Poland’s SIGNIUS S.A. is making a move that is redefining the balance of power in the healthcare sector. With the implementation of an advanced infrastructure at AS Abrechnungsstelle Bremen – a key billing organisation in the German healthcare system – it is proving that Polish cryptography know-how is becoming an export commodity of first choice.
The German healthcare sector is currently undergoing a transformation driven by rigorous standards such as TR-RESISCAN. For institutions processing massive amounts of sensitive data, digitisation is no longer a matter of choice, but a condition for operational stability. The challenge is to automate the process without compromising document integrity.
The SIGNIUS Sealing Server solution, implemented in an On-Premises model, allows for mass, qualified document sealing directly on the customer’s infrastructure. This approach eliminates the reliance on external cloud providers, a definitive argument in the data-protection-conservative German environment.
The Polish company’s strategic advantage is based on delivering a complete ecosystem ‘from a single source’. The integration of the sealing server, HSM modules and eIDAS qualified certificates into one coherent system allows gigantic volumes of documentation to be processed without human intervention, while retaining full evidential power. This is not an isolated success; the company is already working with insurer AOK, which signals a wider trend: western European regulated entities are looking for agile, end-to-end solutions from central Europe.
The potential for further expansion is tangible. According to Bitkom’s Digital Office 2025 report, nearly half of German companies still see themselves lagging behind in the digitisation of processes, even though more than 90 per cent recognise it as key to cost efficiency.
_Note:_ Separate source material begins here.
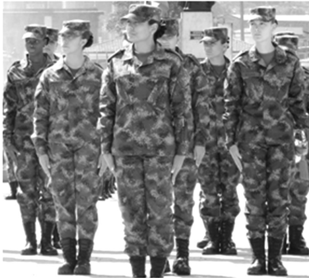
Figura 13. Mujeres cadetes en formación Foto: ESMIC, 2014. Consentimiento informado.

primera herramienta del ser humano: el cuerpo (Mauss, 1971). Los cadetes inician sus modificaciones de esta herramienta humana en el primer momento del proceso de incorporación, de las etapas de inscripción y de presentación de pruebas. Las ansiedades y preparaciones previas a estas pruebas se marcan en el cuerpo donde cada sujeto comprende y habita el mundo (Cabra, 2006).

With increasing pressure to reduce paper and build an organisation’s resilience to crises, technologies that enable secure online archiving are becoming a cornerstone of modern business.
For SIGNIUS, success in Bremen is not only a closed project, but above all a strong foothold in the most demanding sector of Europe’s largest economy. In an industry where trust is the currency, the Polish supplier has just significantly raised its credibility rating.